Append and truncate in HDFS

Versions: Hadoop 2.7.2

Making an immutable distributed file system is easier than building a mutable one. HDFS, even if initially was destined to not changing data, supports mutability through 2 operations: append and truncate.

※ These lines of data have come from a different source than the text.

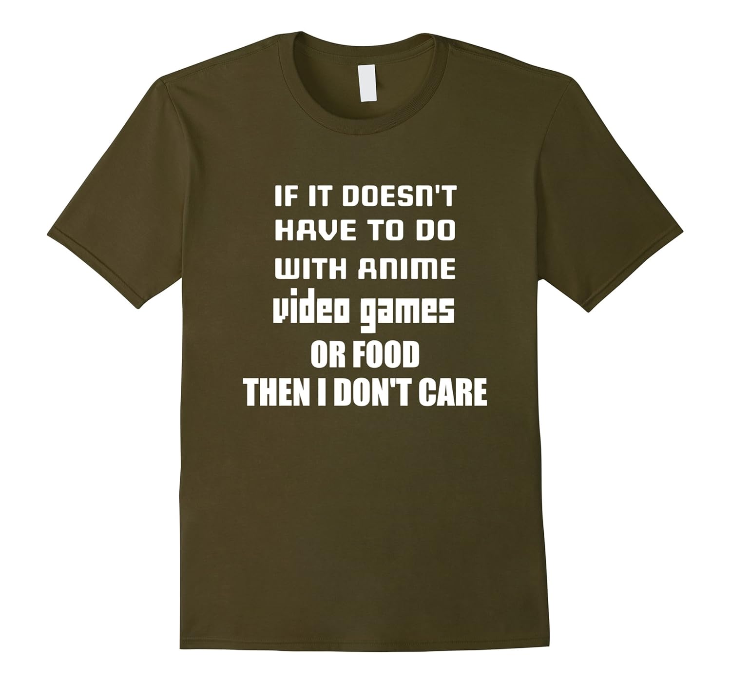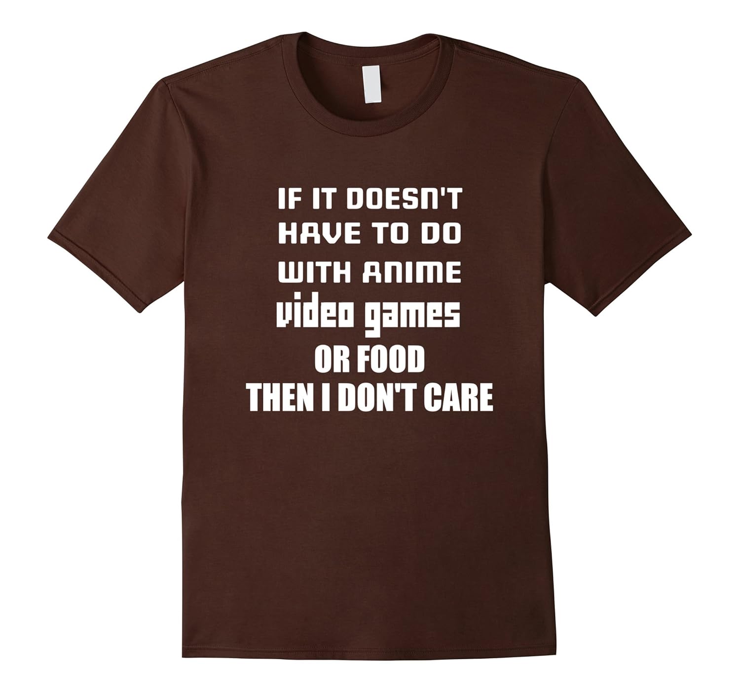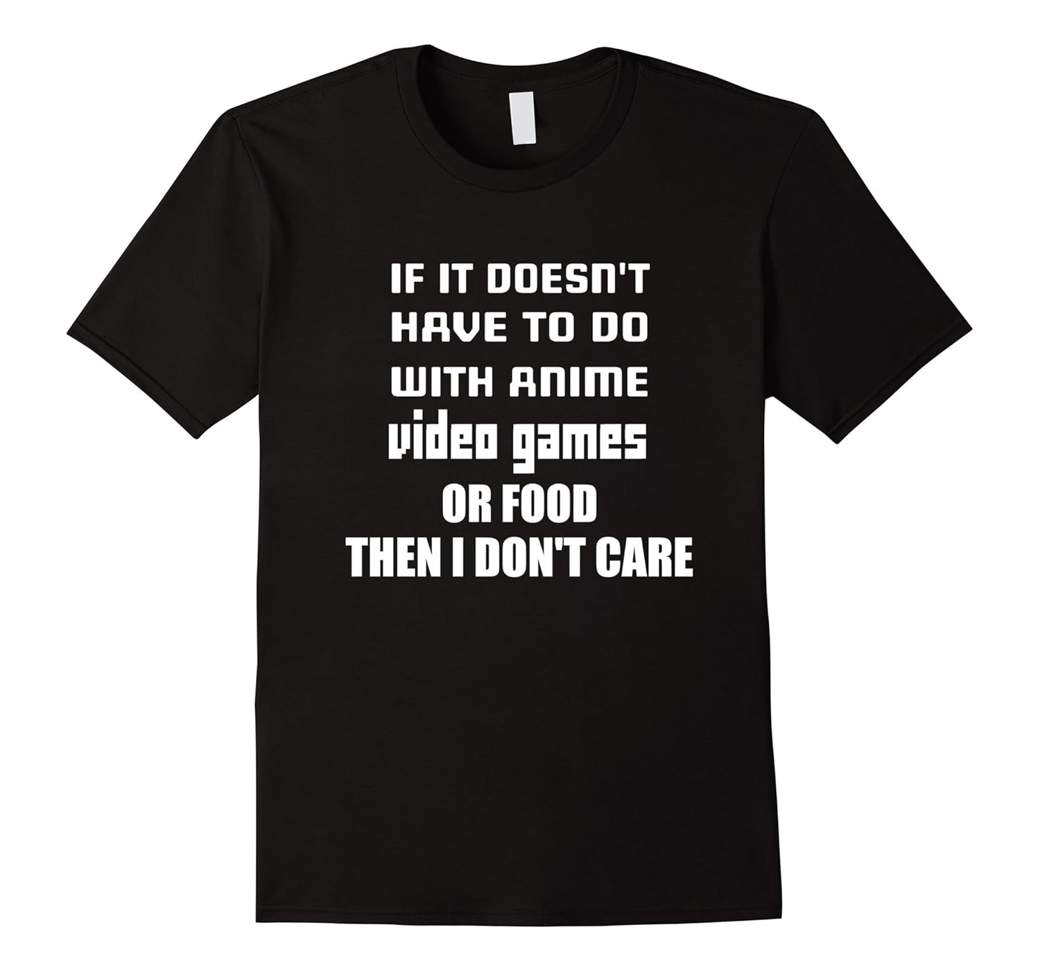 100% Cotton, Imported, Machine wash cold with like colors, dry low heat, Funny t shirt for anime or video game fans: If it doesn”t have to do with anime, video games or food, then I don”t care. In men”s, women”s and youth sizes for your choice and comfort. This tee is perfect for a birthday, Christmas, graduation, or other gift giving occasions. Lightweight, Classic fit, Double-needle sleeve and bottom hem
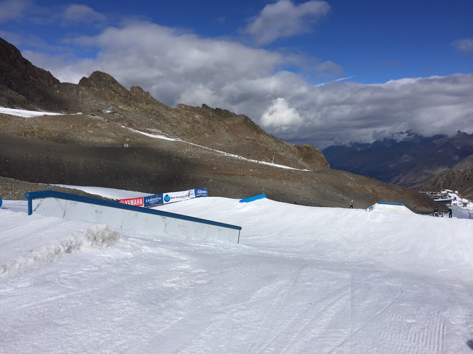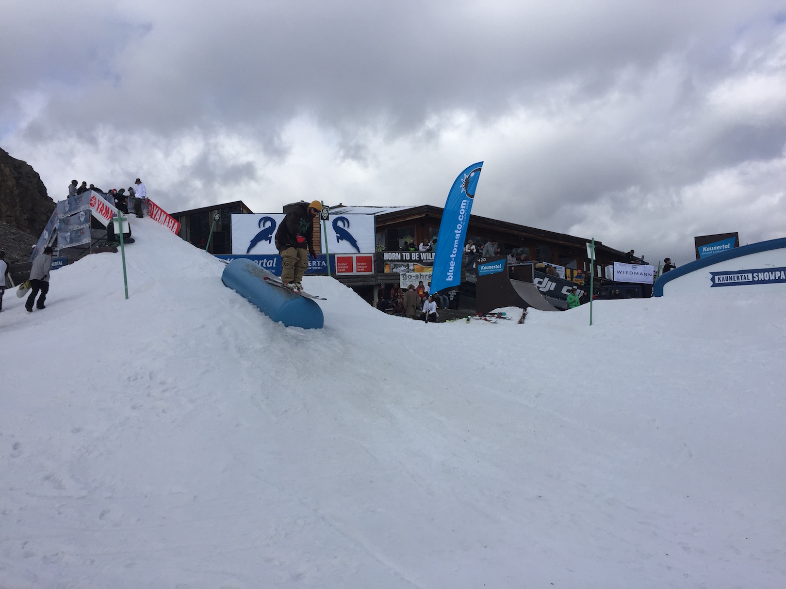 Vergangenes Wochenende stand das 31. Kaunertal Opening presented by Blue Tomato auf der Agenda. Bereits am Freitag startete das Event mit Sonnenschein in die Saison und es waren bereits einige bekannte Gesichter vor Ort, um die neue Half Mile Jibline auf Herz und Niere so richtig zu testen. Im Vergleich zu den vergangenen Jahren wurde der Park massiv ausgebaut und so konnte man circa 15 Obstacles in einer Line fahren. Die Obstacles standen perfekt da und es war für jeden Geschmack etwas dabei. Unser persönliches Highlight war die S- to Donkeydownrail. Ein Obstacle, dass man nur selten sieht und nicht so einfach cleart. Viele bissen sich daran die Zähne aus, doch das gemeinsame Hiken, um das Obstacle zu schaffen, schweisste zusammen.
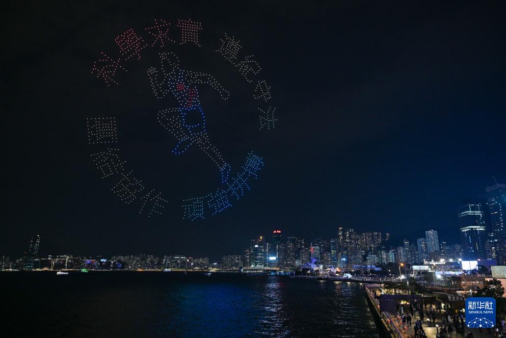 香港舉行“體育力量 閃耀香江”大型無人機表演
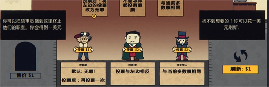 3、既能够通过出售陪审员来获取金钱,也可以花费金钱刷新出全新的陪审员。
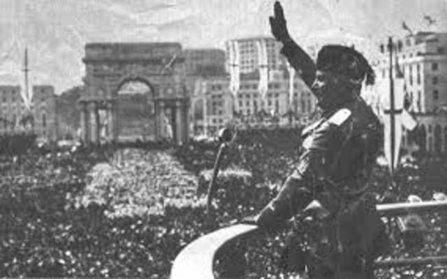 Nell'estate del 1922 Mussolini per conquistare il potere ideò una marcia su Roma, Le squadre fasciste distinte dalle camicie nere si diressero a Roma arrivando il 28 ottobre 1922. Ma in realtà questa iniziativa non doveva essere mezzo per conquistare direttamente il potere ma solo un arma di ricatto e di pressione sulle istruzioni. Per fermare le camicie nere Luigi Facta proclamò lo stato d'assedio ma il re Vittorio Emanuele 3° non firmò e convocò Mussolini
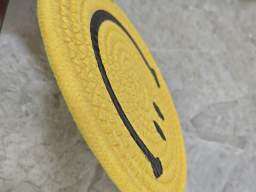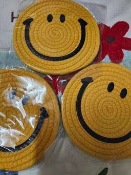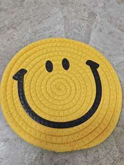 綿糸織りのコップ敷き|イエロー・笑顔コースター・INS風・断熱性に優れなので、テーブルを高熱から保護!【直径18cm/15cm】
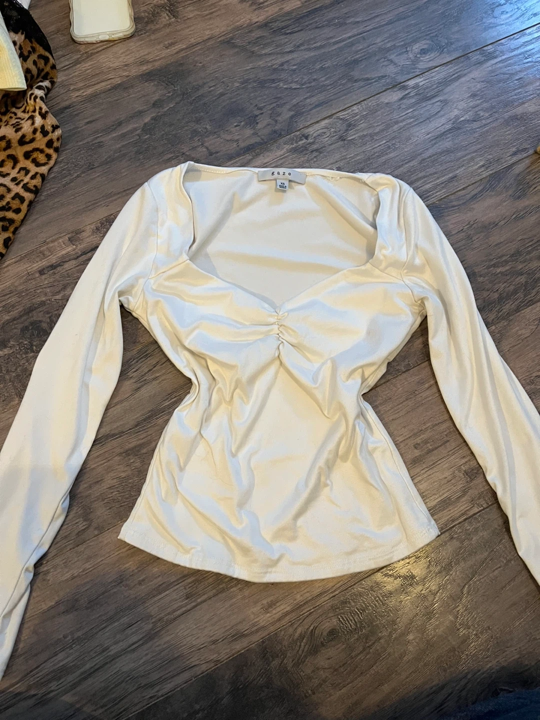 White Gaze long sleeve in size xs. It has a very stretchy and breathable material, so it’s perfect for everyday wear. It’s not stained, damaged, or worn out. Comes from a smoke free and pet free home
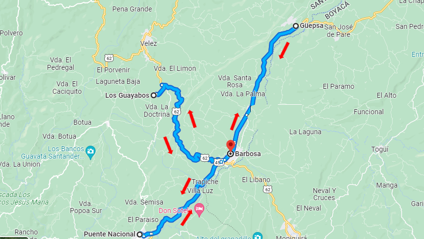 Recorreremos 17,5 kmts para ir de Barbosa a Vélez y otro tanto de regreso. La idea es aprovechar para ir al hospital de Vélez y visitar a William.
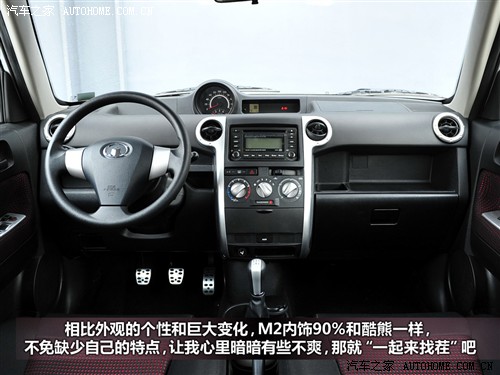 重新設(shè)計(jì)的座椅在腿部和側(cè)向支撐方面都值得稱(chēng)道,不足的是,座椅并不能進(jìn)行高低調(diào)節(jié),這點(diǎn)上還沒(méi)有它的兄弟M1呢。同酷熊一樣,超大的空間也是哈弗M2最大的亮點(diǎn),身高為1.78米的乘客坐在前排調(diào)到合適的駕駛位置后,頭部到車(chē)頂還有兩拳有余的距離,后排空間的頭部和腿部的空間也是大的出奇,而且完全有資格與更高級(jí)別的車(chē)型較量。按比例放倒的后排座椅增強(qiáng)了實(shí)用性,如果將座椅全部放倒,可形成空間巨大的載貨平臺(tái)。
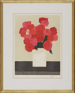 【Lot0200】 黒いテーブルの上の赤いバラの花束
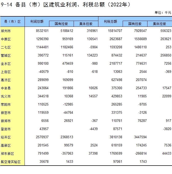 9-14 各县(市)区建筑业利润、利税总额(2022年)
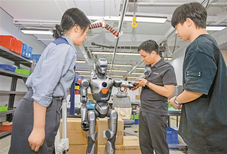 日前,南山企业众擎机器人科技有限公司人形机器人完成前空翻特技,为全球首例。图为多家有意向购买众擎机器人的客户现场调研了解。
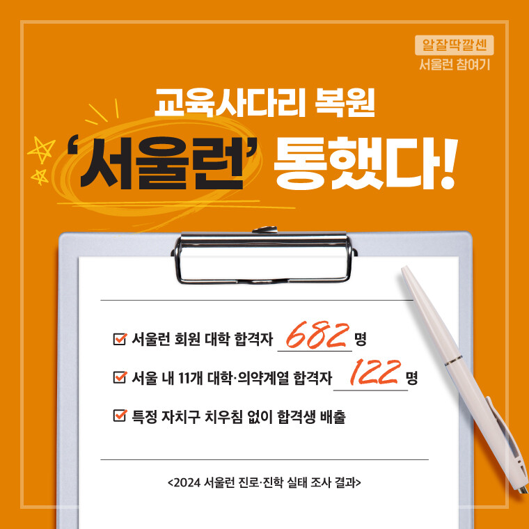 서울런을 통해 682명이 2024학년도 대학에 진학했으며, 수강생 중 수능에 응시한 학생 63%가 합격해 전년(462명) 대비 220명(47.6%) 늘어난 수치다.
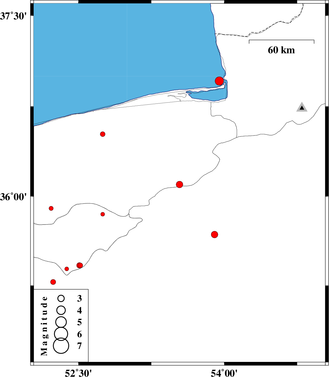 | 2014/12/05 | 02:49:29.8 | 06:19:29.8 | 36.96 | 53.95 | 15 | ML4 | Caspian Sea, 13 km West of Bandar-e torkaman |
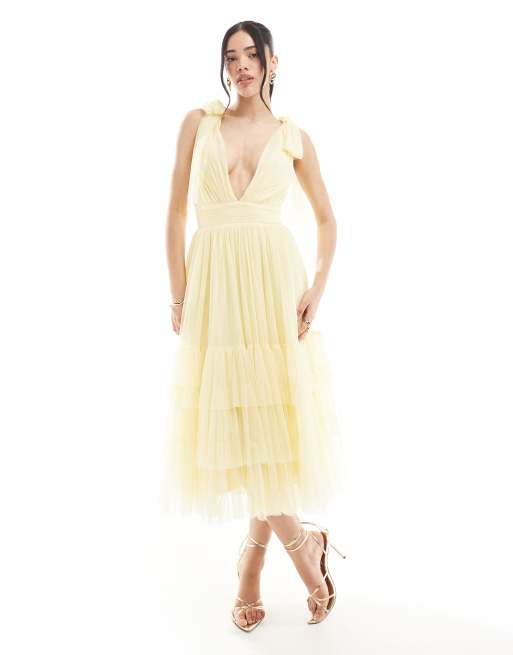 Lace & Beads - Madison - Vestito da damigella color giallo latticello con gonna al polpaccio e fiocchi sulle spalle
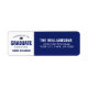 Graduation return address label featuring a graduation cap, Class of year, your graduate's name - your family name and address. Perfect for sending out graduation party invitations and announcements. Easily change the background colour to match your school colour - click on customise/personalise and scroll to the colour picker - also change text colour.
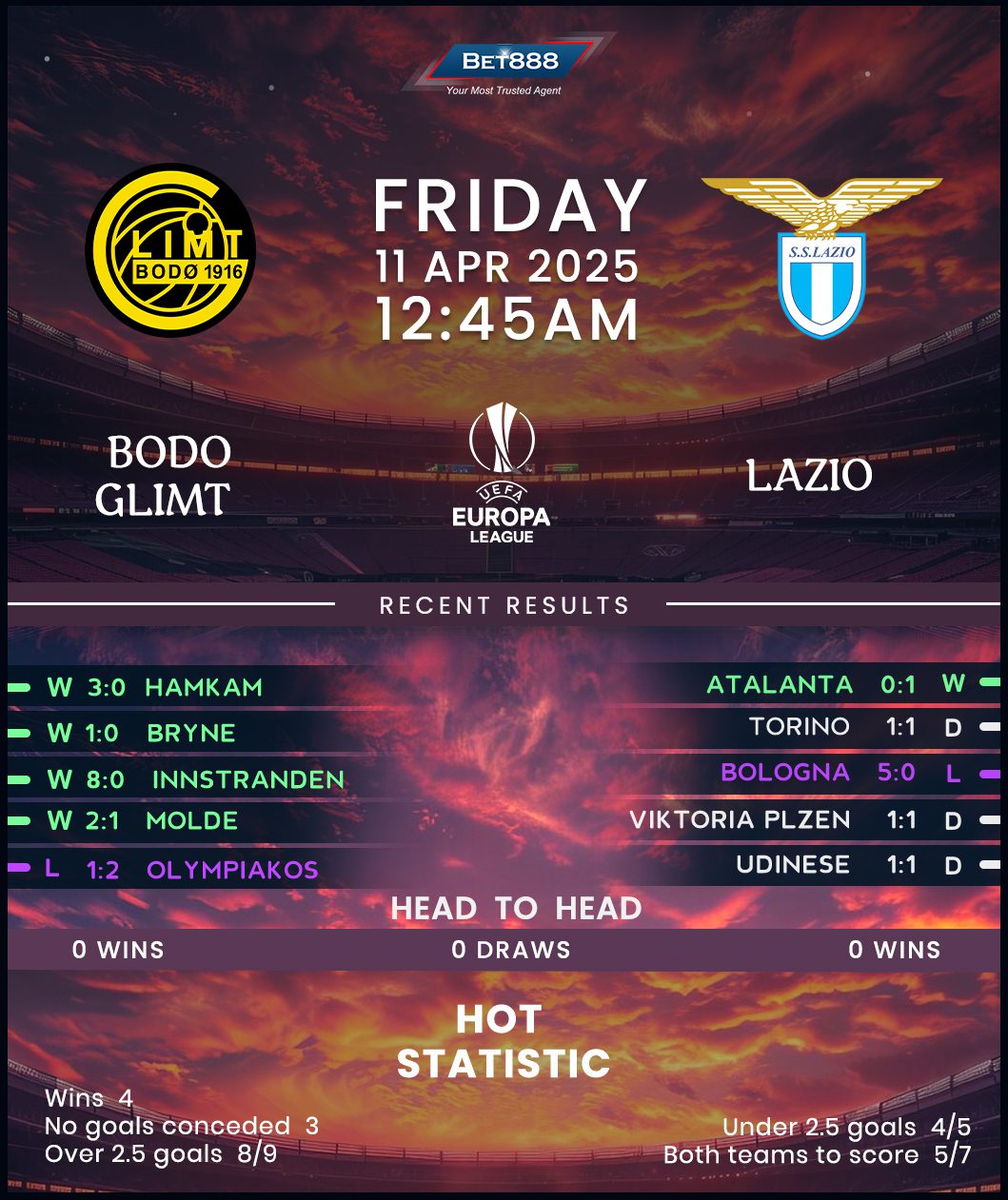 Visiting Lazio must defy Bodo/Glimt’s eye-catching record of eight victories from their last nine continental games on home turf (L1) to return home with a favorable result. ‘I Biancocelesti’ squeaked past Viktoria Plzen 3-2 on aggregate to set up their first European quarter-final since 2018 – their sixth overall last-eight appearance in this competition. However, they’ve lost their last two away matches at this stage of the Europa League, contributing to their negative quarter-final record (W2, L3). Nonetheless, Marco Baroni’s men take this trip in good spirits after only losing once in their last seven outings across all competitions (W3, D3), including three victories from their four most recent road matches (L1).

This post presents these 2 operations more in detail. The first shown operation concerns append. The second part describes truncate.

Append explained

Append operation consists on adding new data at the end of the file. Thus, the file changes its length and probably the number of blocks. Append algorithm in HDFS can be resumed in following steps:

  1. The client sends append request to the NameNode
  2. The NameNode checks if file is closed - otherwise append is not allowed. If the file is closed, it moves to Under Construction state.
  3. The NameNode checks the last block of file: if it's full, the NameNode initializes new block that will hold appended fragment. If the block is not full, it will be used to handle new data.
  4. The pipeline is resolved: for fully block a new pipeline is created and for not full block the pipeline associated with this block is taken.
  5. Data is written as in the case of file creation: within specified pipeline.

Single append is transparent for snapshots because only the lenght of modified file changes.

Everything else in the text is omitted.